Some training materials Meta created for the new policies were confusing and contradictory, said two employees who reviewed the documents. Part of the text said that saying “white people are mentally ill” would be banned on facebook, but saying “gay people are mentally ill” was allowed, they said.
Meta internally blocked access to policies and training materials late Thursday, they said, hours later. <a target="_blank" class="css-yywogo" href="https://theintercept.com/2025/01/09/facebook–instagram-meta-hate-speech-content-moderation/” title=”” rel=”noopener noreferrer” target=”_blank”>The interception published extracts.
The company also removed transgender and non-binary “themes” on its Messenger chat app, which allows users to customize the app's colors and wallpaper, two employees said. 404 Media before reported about the change.
That same day, at Meta offices in Silicon Valley, Texas, and New York, facility managers were instructed to remove tampons from men's bathrooms, which the company had provided to nonbinary and transgender employees who use the tampon. men's bathroom and may have required sanitary pads, two employees said.
Some employees were furious about what they saw as efforts by executives to hide changes to the “Hateful Conduct” policy before it was announced, two people said. While people across the policy division often see and comment on important reviews, most didn't get the chance this time.
At Workplace, Meta's Slack-like internal communications software, employees began arguing about the changes. At the @Pride employee resource group, where workers who support LGBTQ issues gather, at least one person announced their resignation while others communicated privately that they planned to look for work elsewhere, two people said.
In a post this week in the @Pride group, Alex Schultz, Meta's chief marketing officer, defended Zuckerberg and said topics like transgender issues had become politicized. He said Meta's policies should not stand in the way of social debate and pointed to Roe v.

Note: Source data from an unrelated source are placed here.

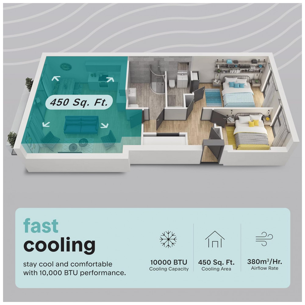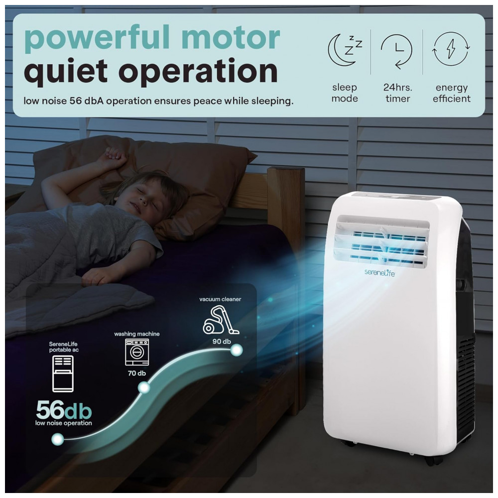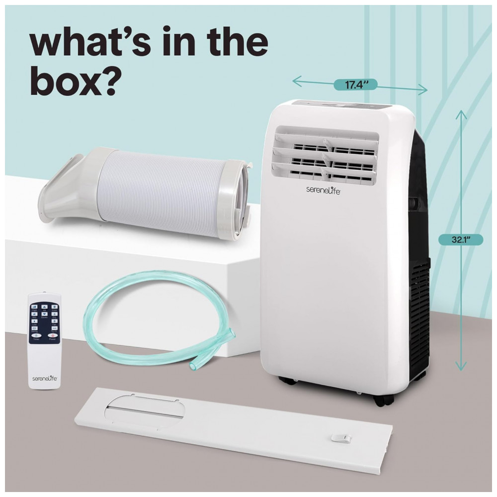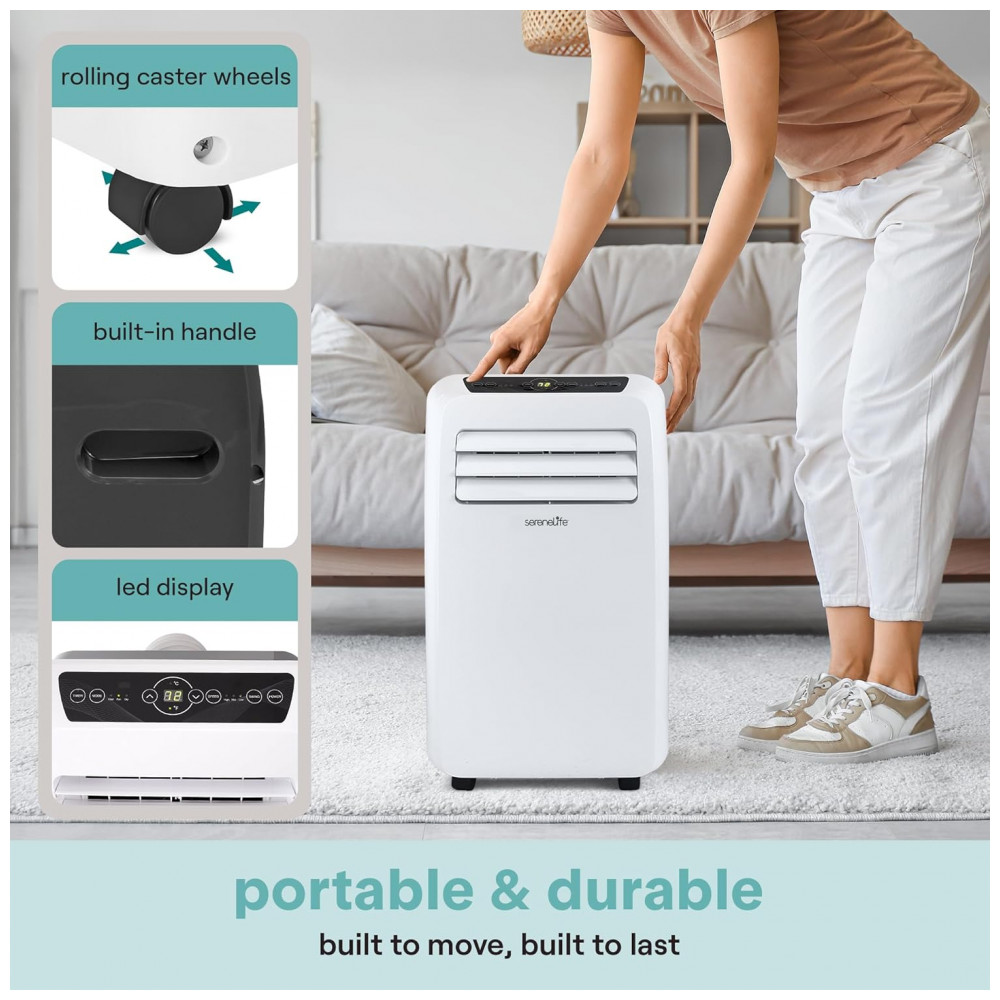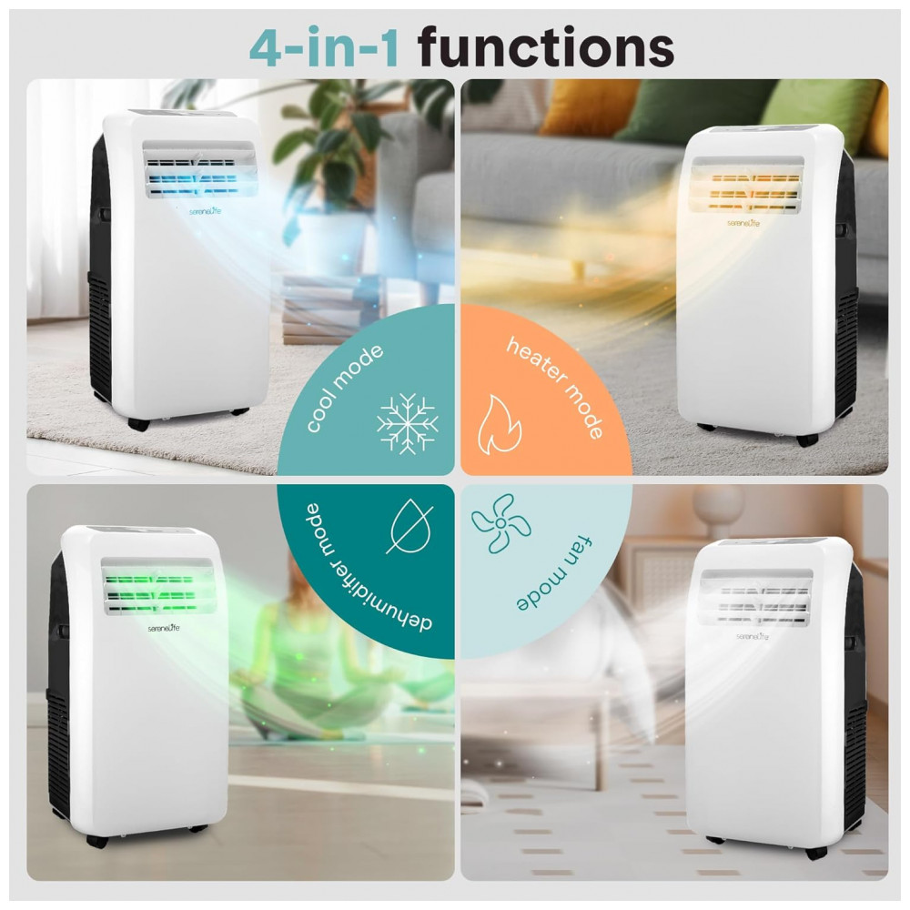 O Ar-condicionado Portátil SereneLife apresenta um design leve, compacto e elegante, ideal para uso no quarto, sala ou garagem em casa ou no escritório. Possui rodas para fácil portabilidade. Além de refrigerar, o ar-condicionado também ajuda a reduzir os níveis de umidade, proporcionando economia de espaço e financeira. Com 4 modos operacionais (refrigeração, aquecimento, desumidificação e ventilação), controle remoto, função de oscilação automática e capacidade para cobrir uma área de até 42m². Ideal para uso durante todo o ano, com potência de resfriamento de 10.000 BTU (ASHRAE), potência de aquecimento de 9.000 BTU e remoção de umidade de 15 litros por hora, mantendo um nível de ruído baixo de apenas 56 dBa.
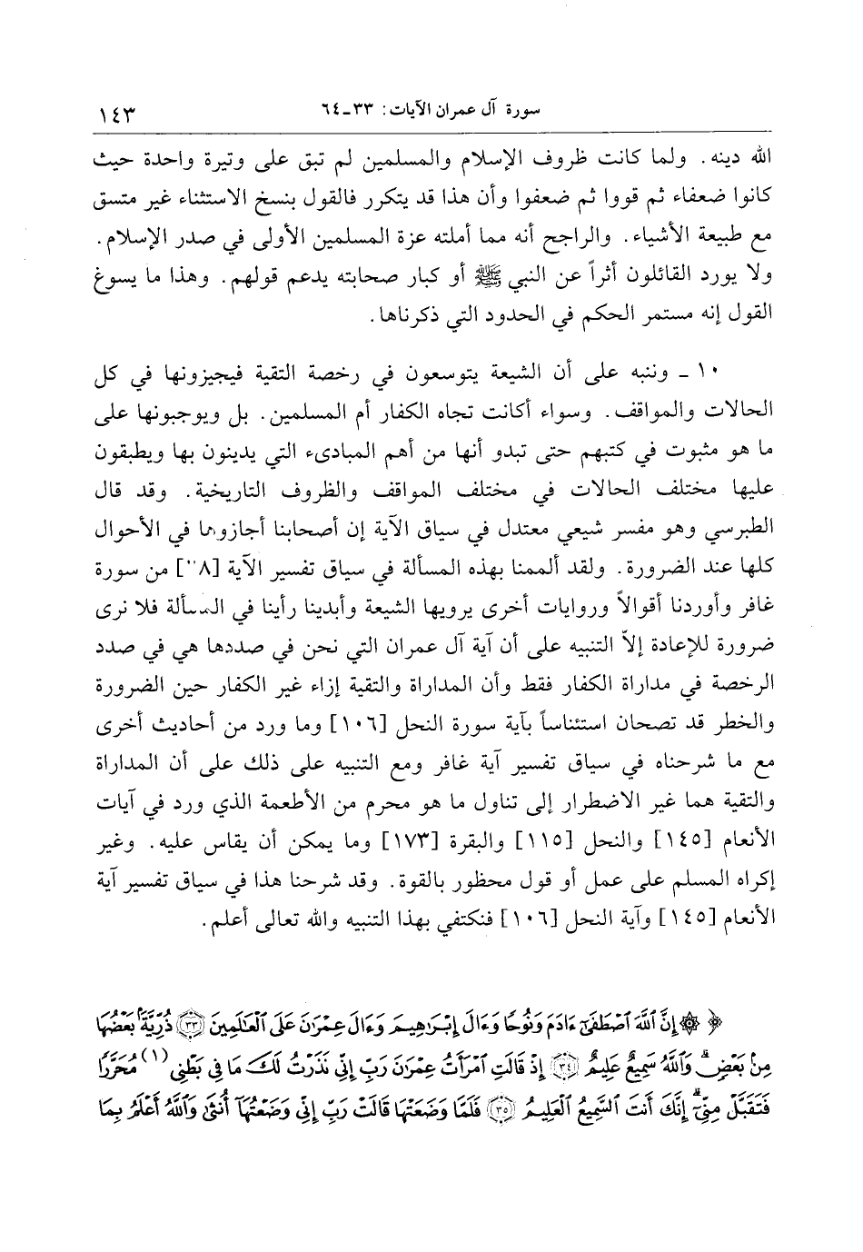 10- وننبه على أن الشيعة يتوسعون في رخصة التقية فيجيزونها في كل الحالات والمواقف. وسواء أكانت تجاه الكفار أم المسلمين. بل ويوجبونها على ما هو مثبوت في كتبهم حتى تبدو أنها من أهم المبادئ التي يدينون بها ويطبقون عليها مختلف الحالات في مختلف المواقف والظروف التاريخية. وقد قال الطبرسي وهو مفسر شيعي معتدل في سياق الآية إن أصحابنا أجازوها في الأحوال كلها عند الضرورة. ولقد ألممنا بهذه المسألة في سياق تفسير الآية [28] من سورة غافر وأوردنا أقوالا وروايات أخرى يرويها الشيعة وأبدينا رأينا في المسألة فلا نرى ضرورة للإعادة إلّا التنبيه على أن آية آل عمران التي نحن في صددها هي في صدد الرخصة في مداراة الكفار فقط وأن المداراة والتقية إزاء غير الكفار حين الضرورة والخطر قد تصحان استئناسا بآية سورة النحل [106] وما ورد من أحاديث أخرى مع ما شرحناه في سياق تفسير آية غافر ومع التنبيه على ذلك على أن المداراة والتقية هما غير الاضطرار إلى تناول ما هو محرم من الأطعمة الذي ورد في آيات الأنعام [145] والنحل [115] والبقرة [173] وما يمكن أن يقاس عليه. وغير إكراه المسلم على عمل أو قول محظور بالقوة. وقد شرحنا هذا في سياق تفسير آية الأنعام [145] وآية النحل [106] فنكتفي بهذا التنبيه والله تعالى أعلم.
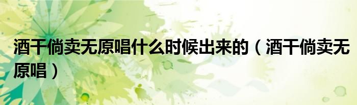 大家好,小晋来为大家解答以下问题,关于酒干倘卖无原唱什么时候出来的,酒干倘卖无原唱很多人还不知道,今天让我们一起来看看吧!
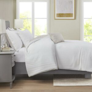 Beautyrest 5 Piece Jasper Bedding Comforter Set, Pleated Velvet, Full/Queen, Ivory
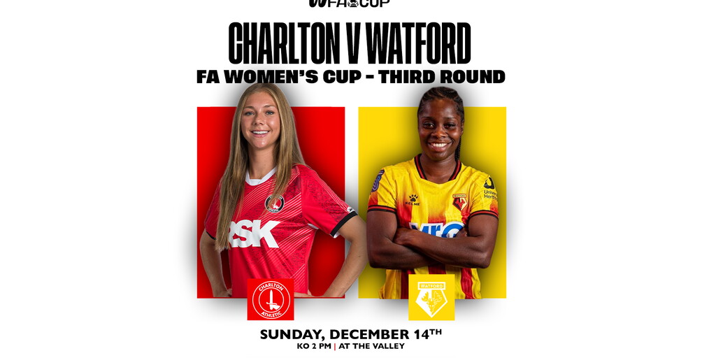 Charlton Athletic Women will be face Watford on Sunday, December 14th in the third round of the Adobe Women's FA Cup (KO 2pm GMT).
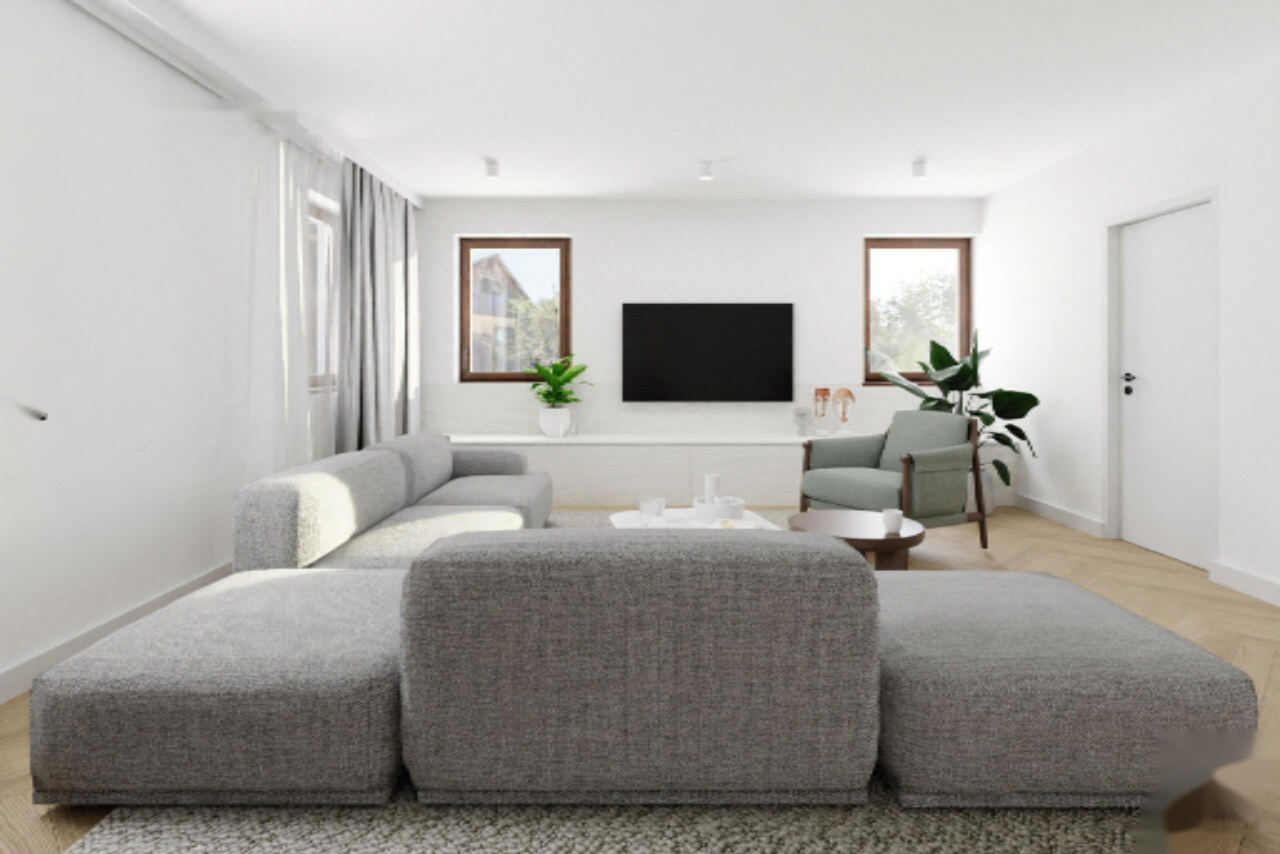Общая площадь дома 308,7 м² с жилой площадью 93,4 м². Конструкция включает подвал, первый этаж и второй этаж. Внешняя визуализация доступна для наглядного представления возможного обновления интерьера и экстерьера.
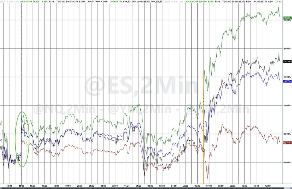 美股盘前,继上周五纽约联储主席威廉姆斯释放鸽派信号后,美联储理事沃勒也明确表示主张12月降息,因其更担心劳动力市场而非通胀。这些表态极大地提振了市场对美联储将再次降息的预期。
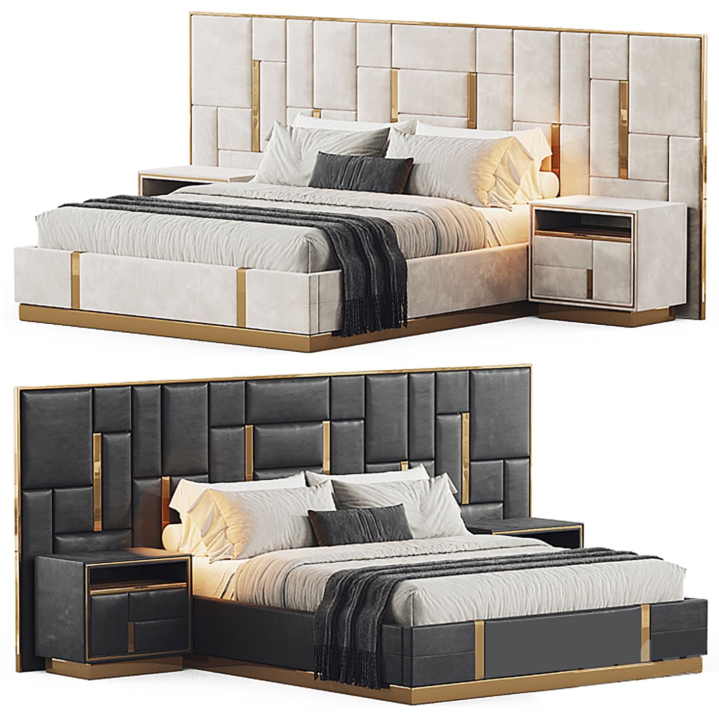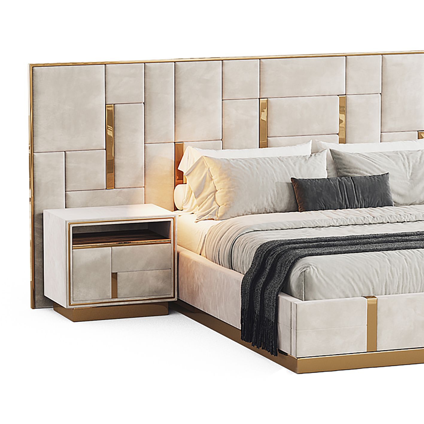 Regalia Bed là một tuyên ngôn đẳng cấp dành cho không gian nghỉ ngơi. Với thiết kế đầy ấn tượng lấy cảm hứng từ kiến trúc hình khối hiện đại, mẫu giường này chinh phục khách hàng bằng sự kết hợp tinh tế giữa các đường nét hình học mạnh mẽ, lớp bọc cao cấp và những chi tiết mạ vàng sang trọng.

Wade's landmark abortion case as an example of how “the courts got ahead of society” in the 1970s. Schultz said the courts “politicized” the issue rather than allowing it to be debated civilly.
“We find that issues become politicized and remain in the political conversation much longer than they would have if society simply debated them,” Schultz wrote. He said looser restrictions on expression in Meta apps would allow for this type of debate.
In his interview with Rogan on Friday, Zuckerberg denied making sweeping changes to appease the incoming Trump administration, but said the election did influence his thinking.
“The nice thing about doing it after the election is that you can take the cultural pulse,” he said. “We got to this point where there were things that couldn't be said and that were just dominant discourses.”